### EXERCISE DATA ###

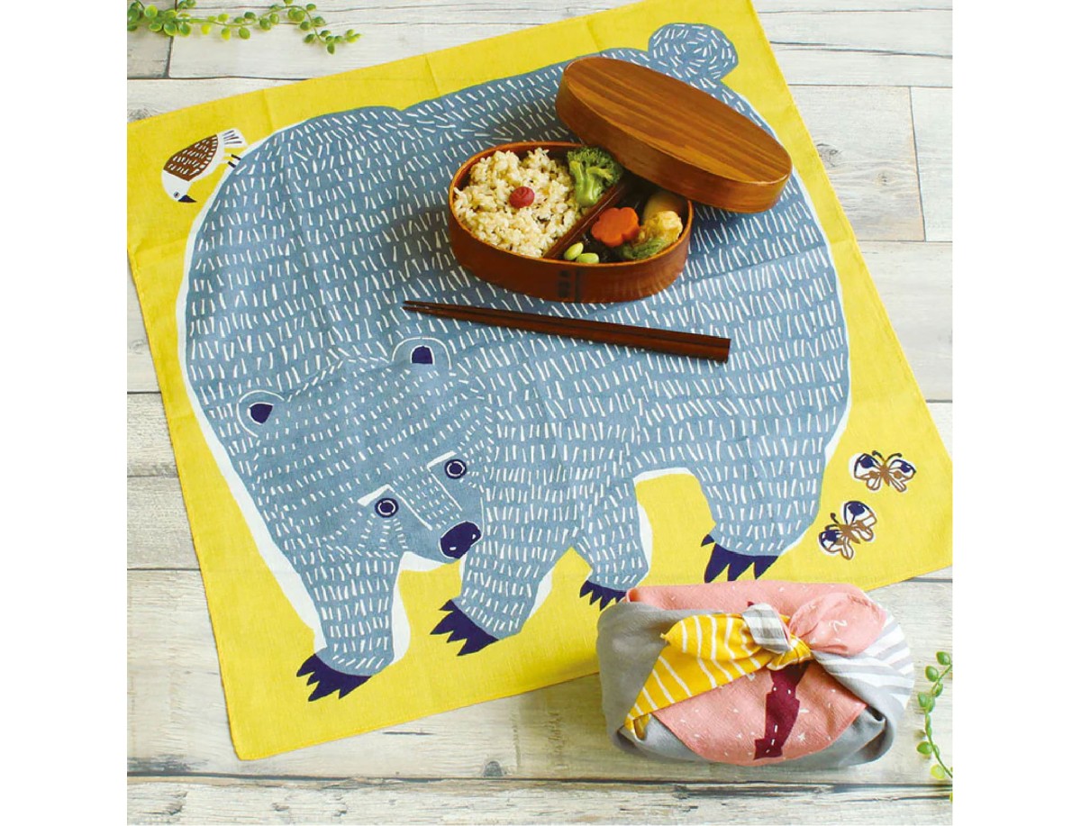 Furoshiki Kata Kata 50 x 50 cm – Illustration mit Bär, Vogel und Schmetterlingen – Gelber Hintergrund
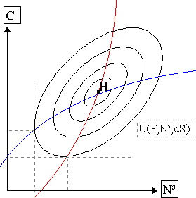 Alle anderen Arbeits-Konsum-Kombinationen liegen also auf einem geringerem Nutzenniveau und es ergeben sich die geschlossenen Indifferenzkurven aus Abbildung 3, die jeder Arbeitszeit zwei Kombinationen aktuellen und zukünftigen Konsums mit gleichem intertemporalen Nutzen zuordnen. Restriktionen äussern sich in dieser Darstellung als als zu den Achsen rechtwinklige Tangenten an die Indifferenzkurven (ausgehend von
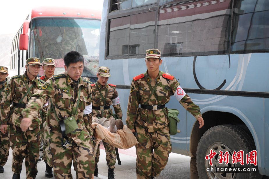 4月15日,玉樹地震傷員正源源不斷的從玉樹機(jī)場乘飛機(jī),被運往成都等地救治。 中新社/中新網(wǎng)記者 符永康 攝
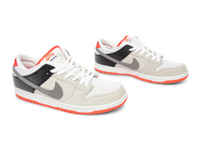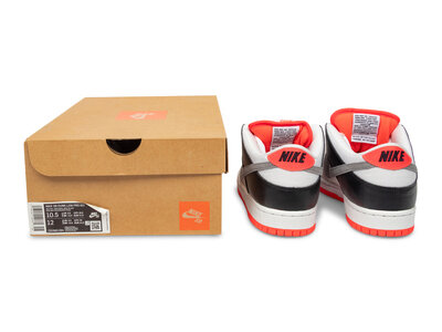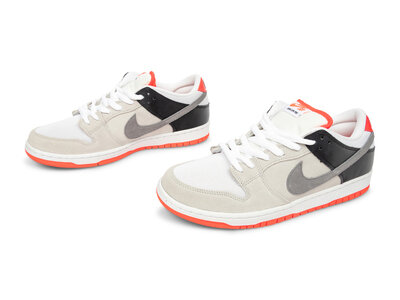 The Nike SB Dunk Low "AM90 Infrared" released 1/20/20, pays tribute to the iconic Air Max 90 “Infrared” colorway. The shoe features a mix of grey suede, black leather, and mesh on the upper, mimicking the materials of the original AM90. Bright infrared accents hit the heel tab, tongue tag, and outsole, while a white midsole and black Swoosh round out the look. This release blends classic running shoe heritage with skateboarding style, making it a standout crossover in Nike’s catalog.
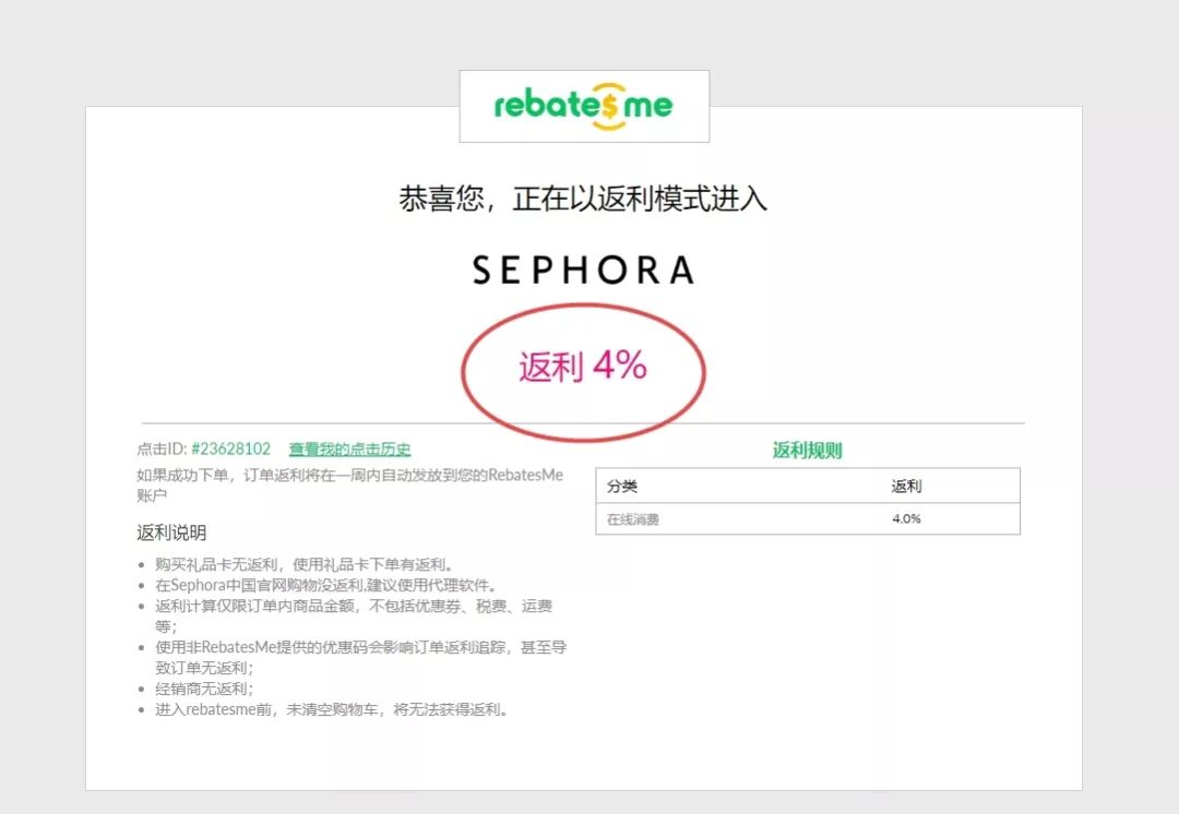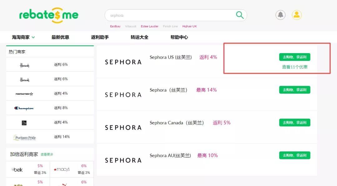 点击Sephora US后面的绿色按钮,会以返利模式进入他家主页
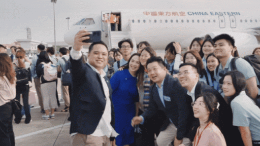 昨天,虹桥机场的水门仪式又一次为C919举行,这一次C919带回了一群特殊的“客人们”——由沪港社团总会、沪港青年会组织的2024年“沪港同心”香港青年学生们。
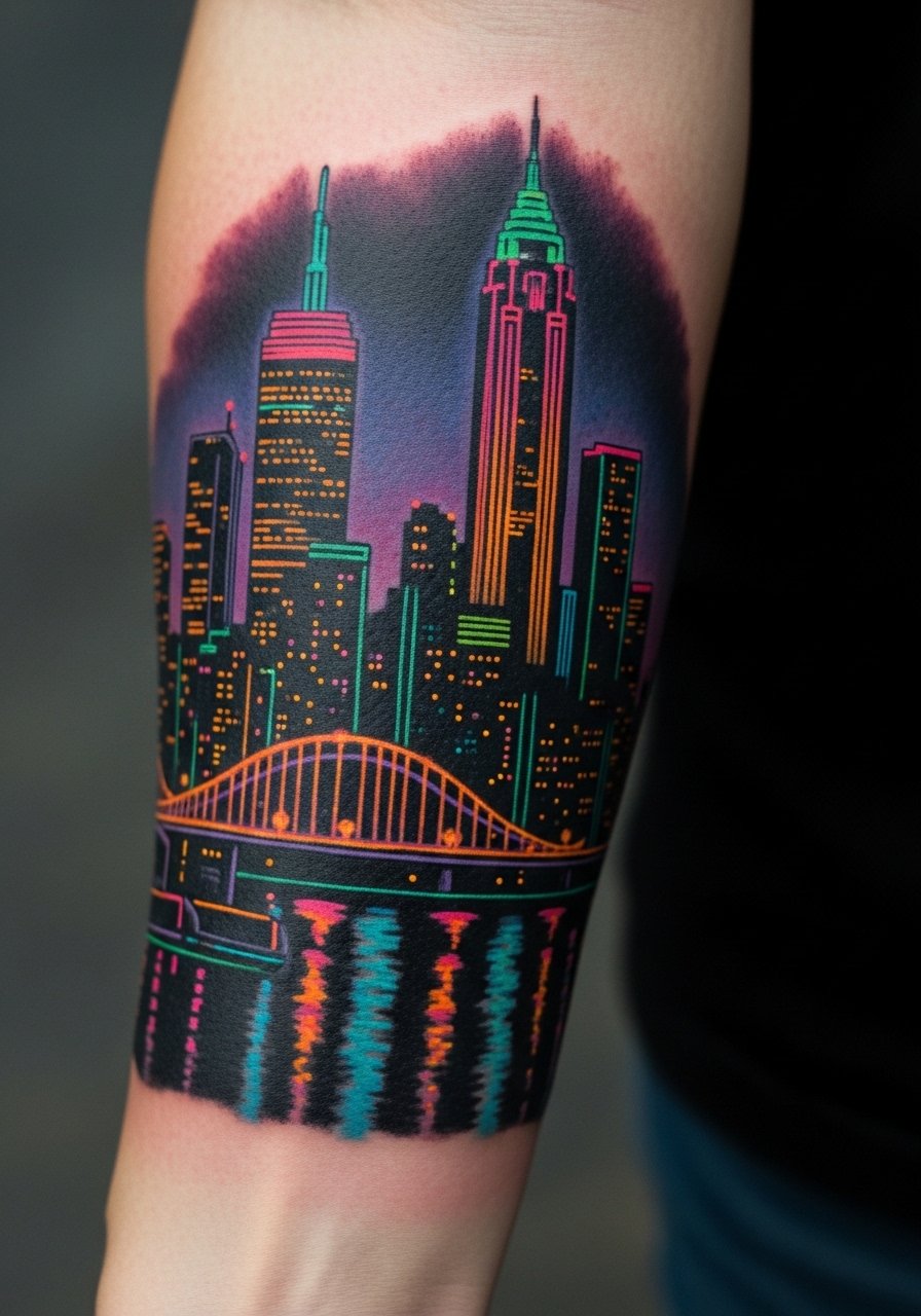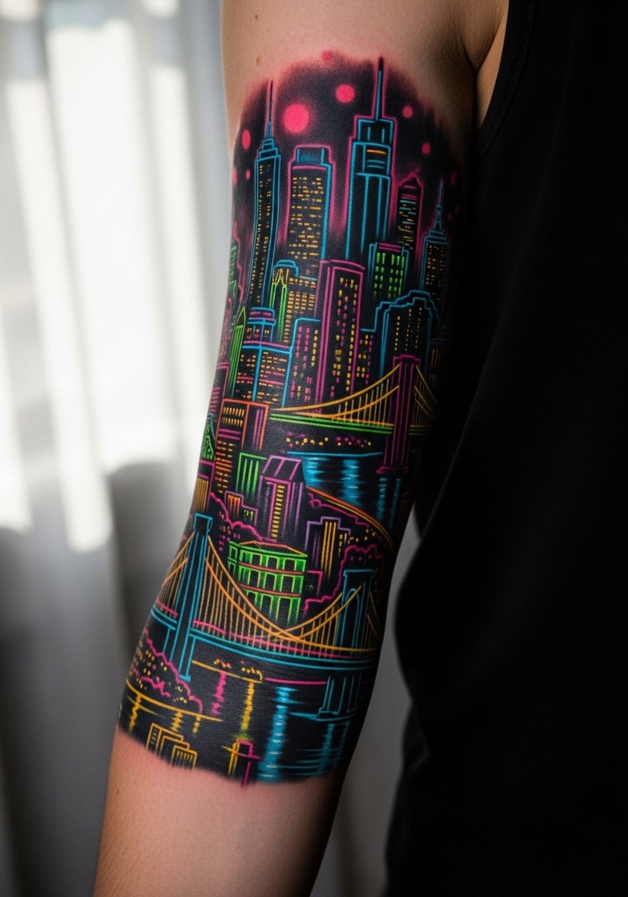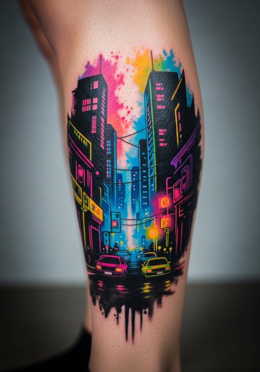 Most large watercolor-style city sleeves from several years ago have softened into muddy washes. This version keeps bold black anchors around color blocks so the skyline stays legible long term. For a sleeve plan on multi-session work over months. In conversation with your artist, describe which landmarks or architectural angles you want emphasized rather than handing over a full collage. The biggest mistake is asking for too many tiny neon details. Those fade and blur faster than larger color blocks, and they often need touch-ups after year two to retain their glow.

###

▶ [PROBLEM STATEMENT]: From the records above, copy only the lines running from the line containing "点击Sephora US后面的绿色按钮,会以返利模式进入他家主页" to the line containing "昨天,虹桥机场的水门仪式又一", both ends included. Leave the pictures out.

▶ [THE COMPLETED TASK]:
 点击Sephora US后面的绿色按钮,会以返利模式进入他家主页
 昨天,虹桥机场的水门仪式又一次为C919举行,这一次C919带回了一群特殊的“客人们”——由沪港社团总会、沪港青年会组织的2024年“沪港同心”香港青年学生们。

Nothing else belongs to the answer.